本来、何かを表現するというのは、その方法や道具自体も含めて考えるべきだと思います。ですから、今後はツールや作り方から開発するという流れになってくるのではないでしょうか。

未来問答 No.39 あなたが未来の可能性を感じる人を1人教えてください。

に関しては、自分とはちょっと考え方が違うのかもしれないと思った。いや、基本的には同意なのですが、僕の場合もう少し打算的というか「そういう流れになってくれた方が自分がマシな人間に感じられるので助かるなァ〜」という願望に近い。そして仮にそうなったとしても、それは職能の本質的価値や貴賤とは無関係で、時代的にたまたまそうになってしまった以上の意味は無い。菅さんも、そういうエクスキューズを挟むのも冗長になるから近似として「本来」や「べき」という表現を使われただけのような気もするし、そこに突っかかる自分も面倒くさい。

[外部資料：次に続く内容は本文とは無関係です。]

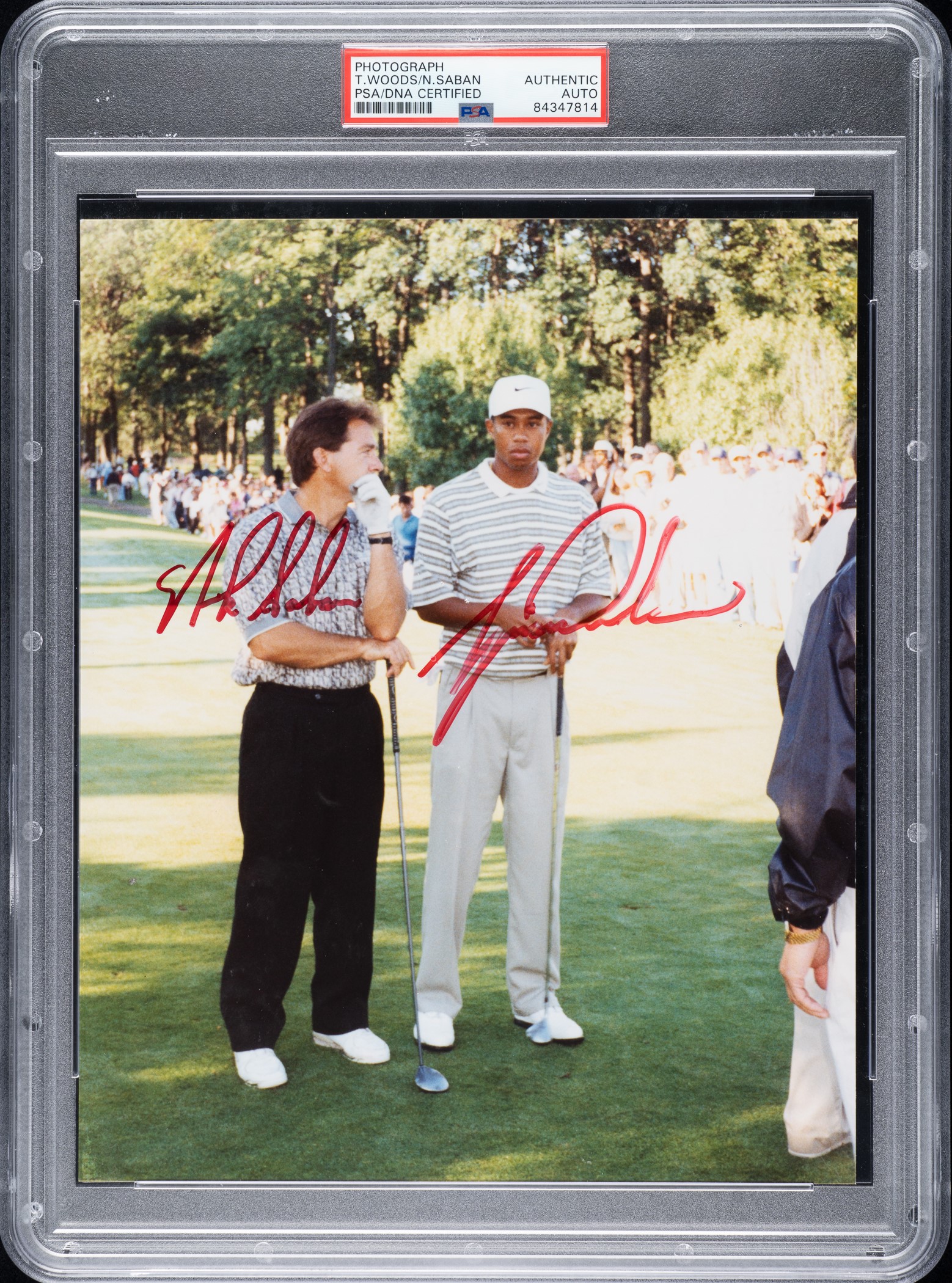 Photograph of Tiger Woods and Nick Saban, signed by both men across their respective images in red Sharpie. Encapsulated by PSA/DNA as "Authentic." The photograph captures the two in conversation on the golf course, likely at a charity event. The photograph (8 x 10 inches) displays a small unobtrusive surface flaw and light corner wear; Excellent condition. Reserve $300.

道具や手法から考える人と、ある手法の枠組みの内側で職人的に精度を高めていく人の両方が重要なのは、ものづくりという天文学的な数のパラメーターから成る多峰性最適化問題において当分変わらない。美術やデザイン業界というのは、美的な「よさ」の山々の山頂を攻略するための人類規模の乱択アルゴリズムプログラムとみなすこともできる。

とはいえ、Octane Rendererに登山道を整備してもらったフォトリアリズムの富士山を楽しげに登ってるクリエイターを見て内心羨ましく思うのも事実。ぼくもこんな林道を整地してみたりアイゼンだのピッケルだの作ってないで、槍ヶ岳位はマウンティング用の手札として攻略しておきたい邪念が働いたりもする。今更開き直ってワイワイ富士登山はちょっと気恥ずかしいし。とはいえ普通に槍ヶ岳ムズいし基礎体力も無いので中途半端な所までしか登れない。そこで内心では「今どんだけルックがナウくてもどうせ8年後には8年前の映像みたくなっちまうんだからな」とかトートロジーめいたことで脳内マウントをとったりもするんだけど、あまり人様に大っぴらに言わなくなったのは、成長なのか、身の程を知ったからなのか。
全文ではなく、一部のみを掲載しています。